(Stored items)
....

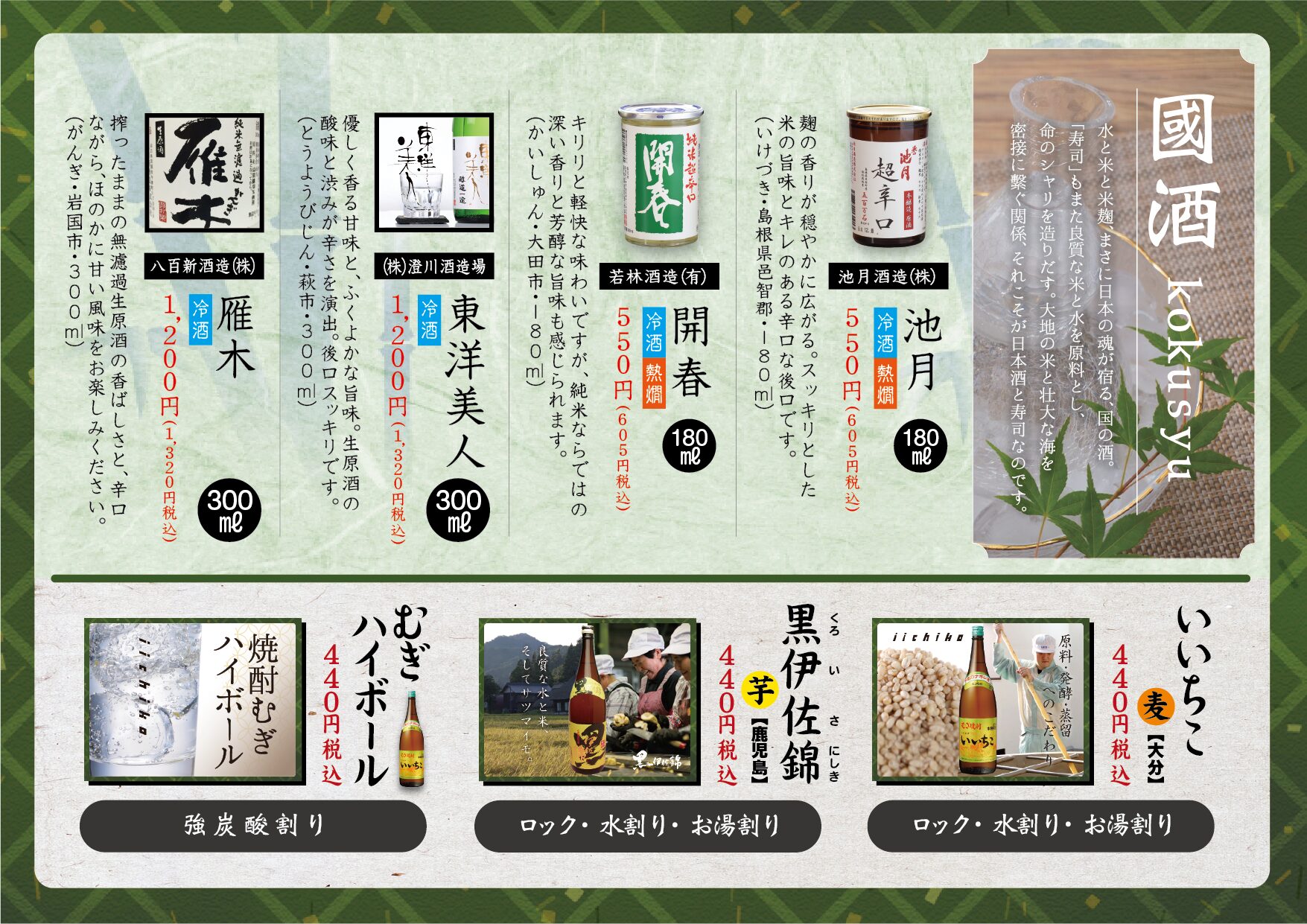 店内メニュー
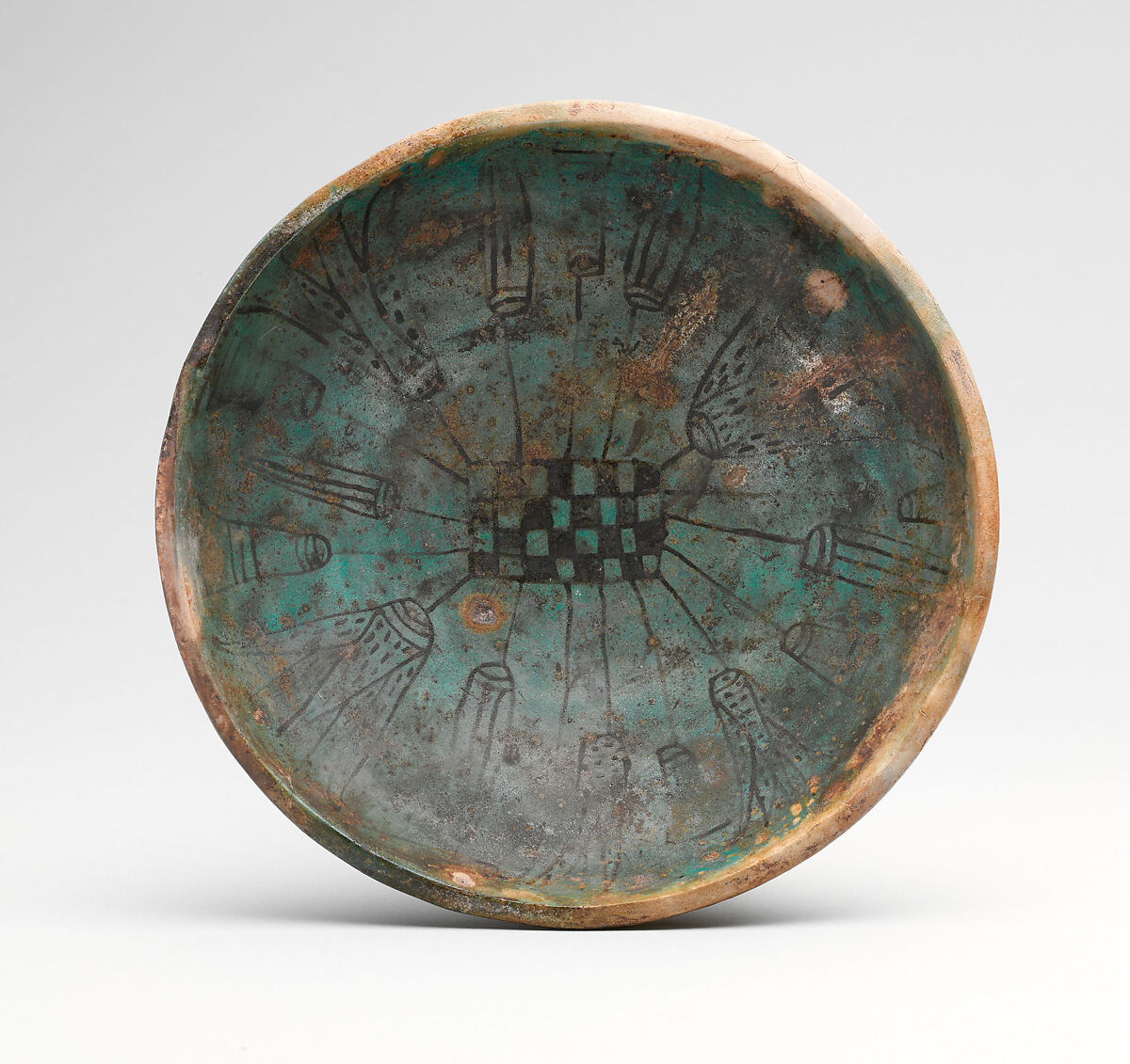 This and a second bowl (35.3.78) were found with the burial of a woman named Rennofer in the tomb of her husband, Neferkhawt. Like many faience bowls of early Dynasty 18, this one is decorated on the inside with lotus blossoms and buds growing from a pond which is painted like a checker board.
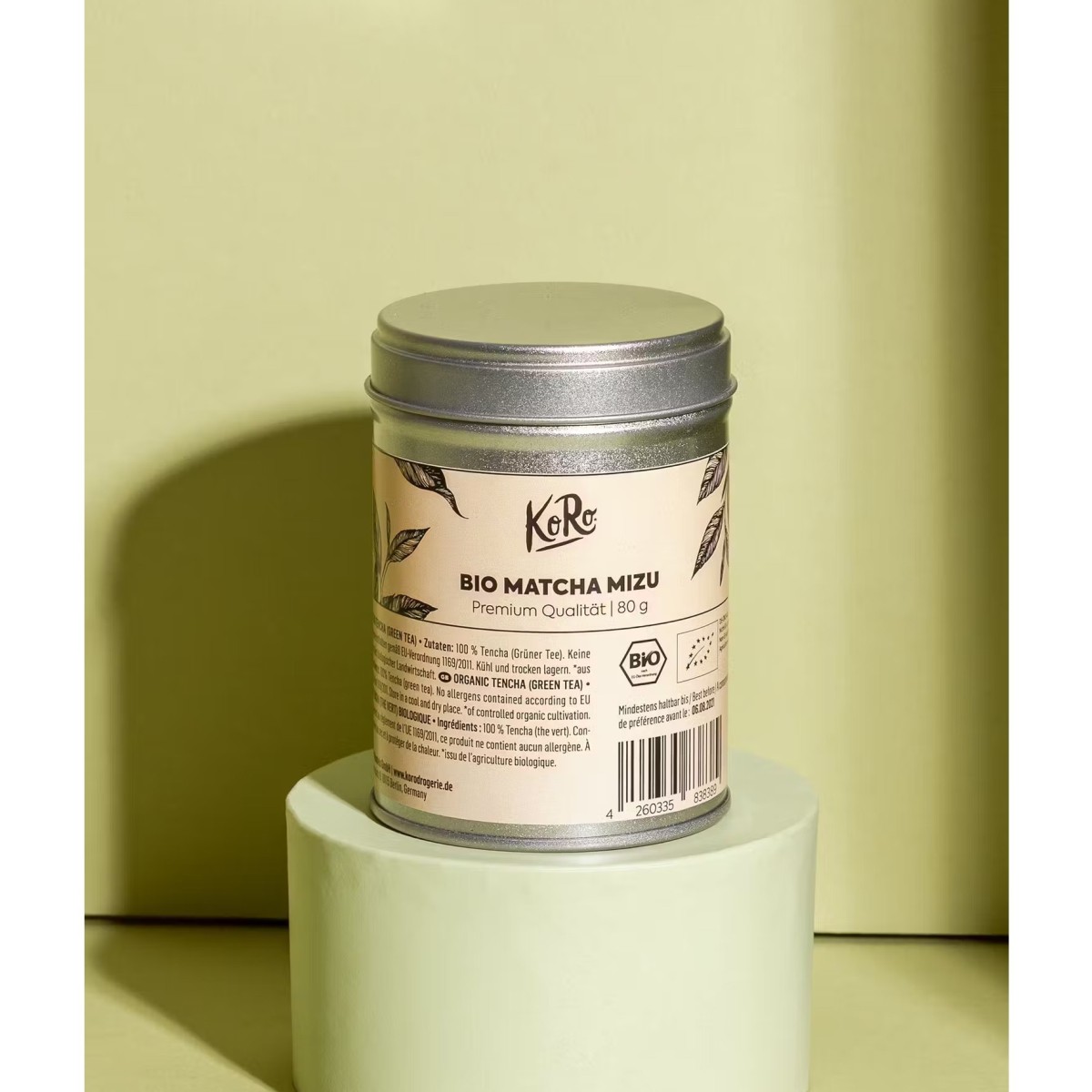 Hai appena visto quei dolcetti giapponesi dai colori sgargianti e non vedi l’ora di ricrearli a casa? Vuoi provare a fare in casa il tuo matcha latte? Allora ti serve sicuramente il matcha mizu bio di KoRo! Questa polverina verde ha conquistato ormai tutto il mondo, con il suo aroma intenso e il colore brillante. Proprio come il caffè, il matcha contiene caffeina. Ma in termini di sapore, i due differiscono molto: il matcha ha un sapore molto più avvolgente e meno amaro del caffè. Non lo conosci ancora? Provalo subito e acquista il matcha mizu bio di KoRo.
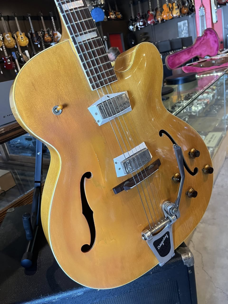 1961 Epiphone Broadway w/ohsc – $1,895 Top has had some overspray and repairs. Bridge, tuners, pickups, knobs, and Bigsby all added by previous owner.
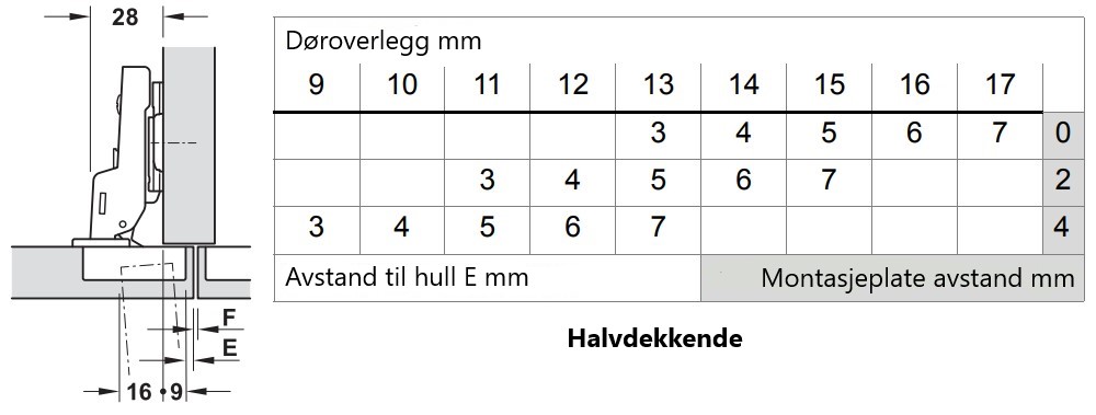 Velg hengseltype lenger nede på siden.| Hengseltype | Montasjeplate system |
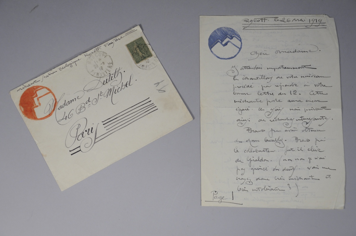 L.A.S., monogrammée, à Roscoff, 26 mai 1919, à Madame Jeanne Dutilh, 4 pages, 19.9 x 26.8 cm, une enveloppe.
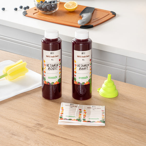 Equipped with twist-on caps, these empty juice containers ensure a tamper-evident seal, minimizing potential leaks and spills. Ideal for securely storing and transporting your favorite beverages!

....

Assignment -> Set down, exactly as written above, each line from the one with "Hai appena visto" through the one with "Velg hengseltype lenger", and skip the pictures.

Response below ->
 Hai appena visto quei dolcetti giapponesi dai colori sgargianti e non vedi l’ora di ricrearli a casa? Vuoi provare a fare in casa il tuo matcha latte? Allora ti serve sicuramente il matcha mizu bio di KoRo! Questa polverina verde ha conquistato ormai tutto il mondo, con il suo aroma intenso e il colore brillante. Proprio come il caffè, il matcha contiene caffeina. Ma in termini di sapore, i due differiscono molto: il matcha ha un sapore molto più avvolgente e meno amaro del caffè. Non lo conosci ancora? Provalo subito e acquista il matcha mizu bio di KoRo.
 1961 Epiphone Broadway w/ohsc – $1,895 Top has had some overspray and repairs. Bridge, tuners, pickups, knobs, and Bigsby all added by previous owner.
 Velg hengseltype lenger nede på siden.| Hengseltype | Montasjeplate system |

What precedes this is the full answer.